Saturday, 9 July 2011

Pear and Ginger Muffins

Having sat pondering for a good ten minutes on possible pear and ginger/ Fred and Ginger puns and coming up with nothing sensible, I decided to let the title stand on its own. I made these to use up a free morning and some slightly over ripe pears (those tricky fruits of the blink-and-you-miss-it ripeness) and they went down rather well, so enjoy! 

Adapted from ‘Muffins, fast and fantastic’ by Susan Reimer, these smell delicious; gingery and subtly fruity. Using fresh pear keeps these nice and moist, and I added more ginger, mixed spice and honey and reduced the caster sugar for a warmer flavour.

10oz self raising flour
½ teaspoon bicarbonate of soda
2 teaspoons ground ginger
½ teaspoon mixed spice
3 oz caster sugar
1 egg
100 ml milk
80 ml apple and pear juice (or just pear if you have it, or if you like just have 180ml milk instead, this just adds a bit more fruity flavour)
6oz well chopped pear
3 tablespoons honey
3 oz melted unsalted butter

Mine was a handful of dark brown sugar, a handful of oats and three walnuts (all I could find!) roughly chopped and mixed up to make a sugary crumble topping

Preheat to 180 for a fan oven and prepare your cases. I used my silicone cupcake moulds again, and a 6 hole silicone muffin tray (hence the varying sizes and shapes of muffin…clearly I wasn’t going for regularity here!)

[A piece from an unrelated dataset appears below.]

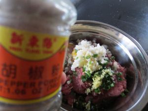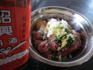 肉和马蹄剁好了放到大碗里,下一个鸡蛋,一点盐和酱油,顺一个方向搅上劲
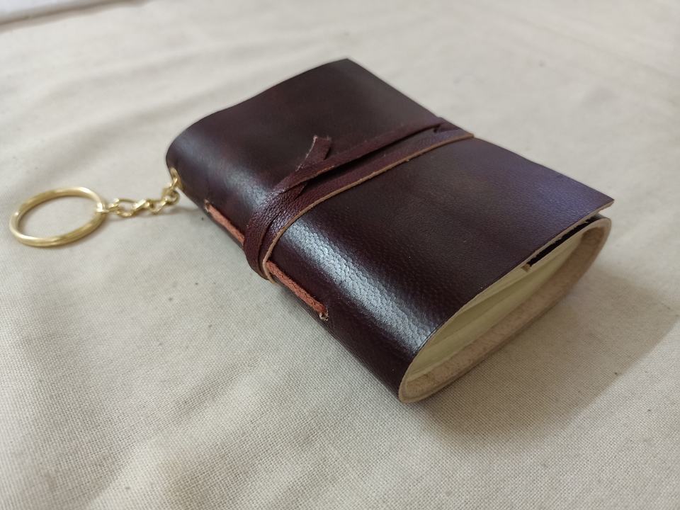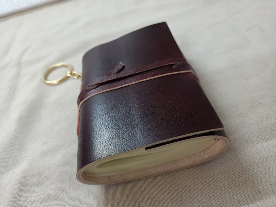 Mini A5 Leather Journals with Saddle Stitched Binding Key Ring for Travel Supply Stores Made with Cotton Rag Handmade Papers

Sift the flour, bicarb, ginger, mixed spice and caster sugar together in a large bowl. In a separate bowl, beat the egg and add the milk, juice pear, honey, and butter. Stir this really well to make sure all the different things combine (the honey is particularly tricksy) and pour it as soon as possible into the dry ingredients. Stir until just combined as you don’t want it too smooth and obviously the pear will make it a lumpy batter anyway.

Fill the cases and sprinkle the topping on top (again if using, I like the occasional walnut flavour and crunchy sugary oats but these would be nice without as well) and bake for 20-25 minutes.